American Educator (born 1973)

CJ Arthur (born 17 December 1973) is an American educator, teacher trainer, public speaker, writer, Equity 2.0 consultant, and the owner of WordHaven BookHouse, LLC, in Sheboygan, Wisconsin. They were formerly an English teacher at Tokata Learning Center, an alternative high school in Shakopee, Minnesota, and an adjunct professor at Augsburg University. They were named the 2018/2019 Minnesota Teacher of the Year by Education Minnesota.

==Biography==

===Early life===
Arthur is a native of Fairmont, Minnesota, graduating from Fairmont Public Schools in 1992. Among other influential teachers, Arthur credits Paula Thiede, their fifth-grade teacher at Lincoln Elementary School, for making them feel like they mattered, that they were intelligent and were loved.

===Education===
After receiving a Bachelor of Arts degree in Communications from the University of Massachusetts, they worked at print and television media outlets before providing case management for students who dropped out of high school. They received their Communication Arts & Literature teaching license in 2007 and their Master of Arts in education in 2011, both from Augsburg University in Minneapolis, Minnesota.

===Career as an educator===
Arthur taught Communication Arts & English Literature courses, advised Gender Sexuality Alliances, and facilitated Link Crew Programs at Chaska High School in Chaska, Minnesota, and St. Anthony Village High School in St. Anthony, Minnesota, before becoming a teacher at the Tokata Learning Center. There they taught Communication Arts & English Literature courses to students between 9th and 12th grade, was a Curriculum Writer for the Success for the Future Grant, and was the advisor for the MAAP Stars student leadership program. Tokata Learning Center is an alternative high school that serves 9th to 12th grade in Shakopee and surrounding areas. In their Teacher of the Year application, Arthur wrote this about their students at Tokata: "It is true that our population can consist of students with varying abilities and temperaments, but these same students are also some of the most creative and brilliant humans with whom I have ever worked. And, without fail, the students who arrive angry, sad, hurt, and/or scared reveal their vulnerability, brilliance, and beautiful selves when they feel safe and valued." One year after being named Minnesota Teacher of the Year, Arthur shifted to training teachers and teachers-in-training (among other adults).

Arthur began their Equity 2.0 Consulting business in 2018. They work with schools, nonprofits, and businesses to increase their inclusivity and compassionate accountability.

On July 8, 2019, OutFront Minnesota announced Arthur had been hired as the LGBTQIAP2S+ civil rights group's Director of Educational Equity. On June 26, 2020, Arthur resigned from OutFront MN.

Arthur was an adjunct education professor at Augsburg University from September 2020 - May 2021.

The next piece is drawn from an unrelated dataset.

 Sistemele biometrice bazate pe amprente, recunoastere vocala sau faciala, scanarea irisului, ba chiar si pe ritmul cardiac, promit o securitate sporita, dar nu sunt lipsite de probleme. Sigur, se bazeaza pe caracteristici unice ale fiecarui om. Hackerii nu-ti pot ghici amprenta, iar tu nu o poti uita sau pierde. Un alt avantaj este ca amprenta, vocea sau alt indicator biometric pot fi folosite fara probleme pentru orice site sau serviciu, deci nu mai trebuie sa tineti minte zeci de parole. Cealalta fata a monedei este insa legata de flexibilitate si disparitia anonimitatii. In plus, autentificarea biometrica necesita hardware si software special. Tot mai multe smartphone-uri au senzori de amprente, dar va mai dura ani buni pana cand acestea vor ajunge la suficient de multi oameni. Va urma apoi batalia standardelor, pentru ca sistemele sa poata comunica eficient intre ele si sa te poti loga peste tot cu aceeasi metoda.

Arthur's Independent BookShop and Writing Center, WordHaven BookHouse, opened on 4/30/22 in Sheboygan, WI.

===Teacher of the Year===
In the Fall of 2017 Arthur was nominated by Shakopee Public Schools professional learning coordinator Annie Rients and Tokata Learning Center principal Eric Serbus for Education Minnesota's Minnesota Teacher of the Year award, one of 167 candidates nominated across the state. They were among 43 semifinalists and 12 finalists. They were named Minnesota Teacher of the Year on May 6, 2018. Arthur is the first out Queer individual to be named Minnesota Teacher of the Year and only the second Alternative Educator. They are the 54th recipient of the award and the first (and only) from the Shakopee district.

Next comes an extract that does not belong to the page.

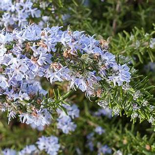 Flowers: Small, pale blue to lavender blooms in spring and intermittently through summer.

In one of Arthur's responses posed by the Education Minnesota panel, they explained their teaching practice: "I chose to be a teacher at a non-traditional age. Ten years later, my teaching practice still strongly matches this philosophy: teaching individuals to effectively solve problems, allowing students to learn by doing, giving students an active role in the learning process, valuing the process of learning more than the outcome, respecting the whole of the child and creating a ‘community of learners’ – as opposed to a collection of discrete individuals."

As the 2018 award winner, in 2019 Arthur was Minnesota's representative for the National Teacher of the Year program in Washington, D.C. They chose not to attend to protest the policies of President Donald Trump, saying those policies frequently hurt their students who face discrimination.

Arthur chose to kneel during the national anthem at the NCAA football championship game on January 13, 2020 as a way to support the BLM movement and to advocate for people with identities that are historically marginalized and oppressed. Arthur explained their reasons for kneeling in an article published in The Independent and in their TED-Ed Talk.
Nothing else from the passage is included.